Listed records:
····················

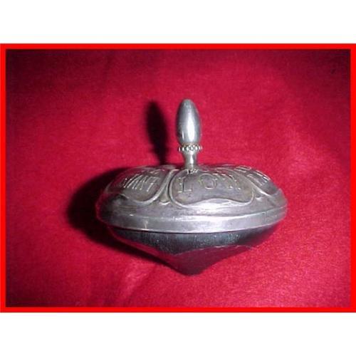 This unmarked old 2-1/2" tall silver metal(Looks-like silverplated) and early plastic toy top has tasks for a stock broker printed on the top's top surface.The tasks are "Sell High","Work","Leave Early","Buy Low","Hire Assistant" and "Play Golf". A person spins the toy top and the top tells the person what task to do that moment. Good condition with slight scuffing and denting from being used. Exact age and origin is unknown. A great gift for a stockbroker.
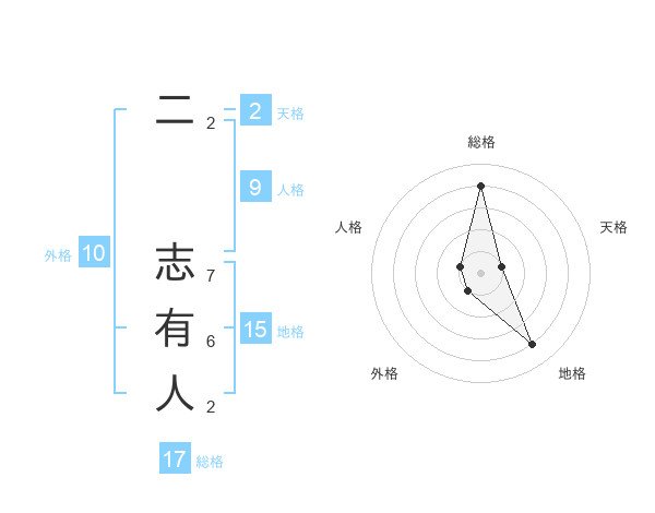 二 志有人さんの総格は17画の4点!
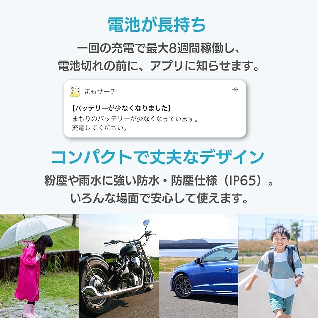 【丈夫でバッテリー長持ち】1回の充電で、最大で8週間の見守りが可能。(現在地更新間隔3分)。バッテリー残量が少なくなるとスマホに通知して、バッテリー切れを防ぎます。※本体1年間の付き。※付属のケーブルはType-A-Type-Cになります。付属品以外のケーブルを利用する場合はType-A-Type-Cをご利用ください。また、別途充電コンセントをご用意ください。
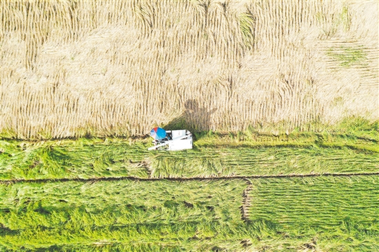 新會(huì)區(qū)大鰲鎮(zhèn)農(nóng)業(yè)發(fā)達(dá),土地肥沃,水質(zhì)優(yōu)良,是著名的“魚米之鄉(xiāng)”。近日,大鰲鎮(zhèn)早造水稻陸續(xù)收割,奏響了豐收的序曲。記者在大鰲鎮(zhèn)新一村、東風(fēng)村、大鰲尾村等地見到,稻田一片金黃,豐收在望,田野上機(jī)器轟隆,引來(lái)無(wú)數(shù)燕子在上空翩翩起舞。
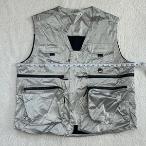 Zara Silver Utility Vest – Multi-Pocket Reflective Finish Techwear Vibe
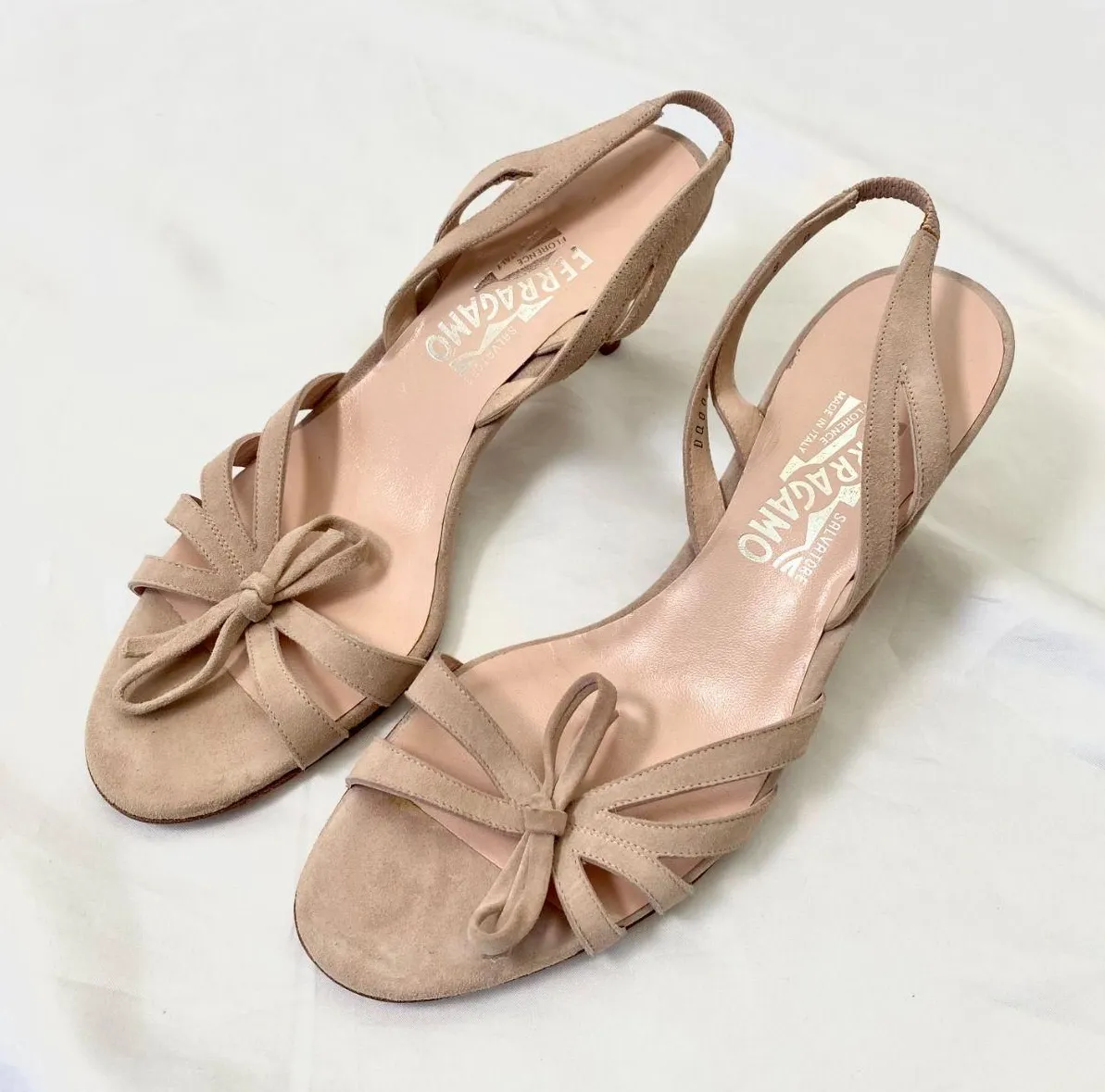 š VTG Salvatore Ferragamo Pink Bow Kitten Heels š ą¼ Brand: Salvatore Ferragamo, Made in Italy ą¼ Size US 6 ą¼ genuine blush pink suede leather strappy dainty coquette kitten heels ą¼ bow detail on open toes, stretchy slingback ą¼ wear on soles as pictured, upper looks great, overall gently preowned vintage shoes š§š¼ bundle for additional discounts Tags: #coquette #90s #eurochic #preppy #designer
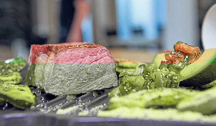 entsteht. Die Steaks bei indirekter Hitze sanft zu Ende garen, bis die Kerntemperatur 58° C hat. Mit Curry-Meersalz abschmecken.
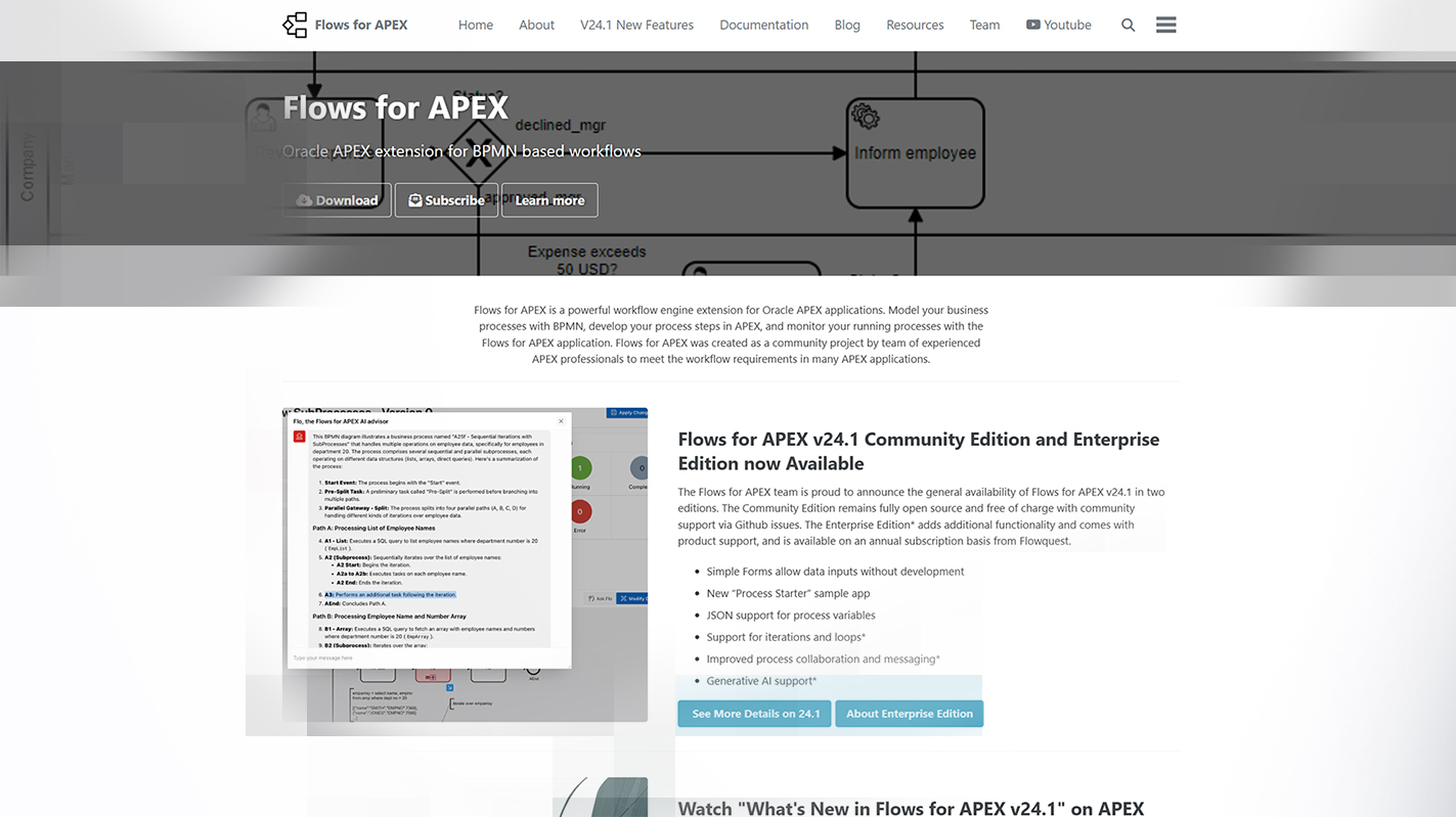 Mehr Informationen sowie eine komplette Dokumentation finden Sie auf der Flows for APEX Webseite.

····················

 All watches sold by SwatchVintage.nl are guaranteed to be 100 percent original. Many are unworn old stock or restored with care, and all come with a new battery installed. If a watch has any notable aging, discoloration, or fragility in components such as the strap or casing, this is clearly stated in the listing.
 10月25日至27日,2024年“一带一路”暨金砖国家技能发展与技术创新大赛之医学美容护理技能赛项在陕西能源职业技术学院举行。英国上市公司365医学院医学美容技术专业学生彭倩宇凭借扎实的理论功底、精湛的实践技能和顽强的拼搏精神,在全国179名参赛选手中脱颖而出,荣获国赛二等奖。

····················

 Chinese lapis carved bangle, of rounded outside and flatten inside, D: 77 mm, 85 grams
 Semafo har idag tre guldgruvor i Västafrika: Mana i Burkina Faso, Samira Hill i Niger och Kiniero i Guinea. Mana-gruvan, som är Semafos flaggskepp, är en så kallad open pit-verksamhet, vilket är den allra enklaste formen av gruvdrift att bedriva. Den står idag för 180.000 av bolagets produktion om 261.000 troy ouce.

····················

Description of the task:
The reply should hold only the lines of the listing above starting at the line containing "Chinese lapis carved" and ending at the line containing "Semafo har idag", exactly as written.

The completed task:
 Chinese lapis carved bangle, of rounded outside and flatten inside, D: 77 mm, 85 grams
 Semafo har idag tre guldgruvor i Västafrika: Mana i Burkina Faso, Samira Hill i Niger och Kiniero i Guinea. Mana-gruvan, som är Semafos flaggskepp, är en så kallad open pit-verksamhet, vilket är den allra enklaste formen av gruvdrift att bedriva. Den står idag för 180.000 av bolagets produktion om 261.000 troy ouce.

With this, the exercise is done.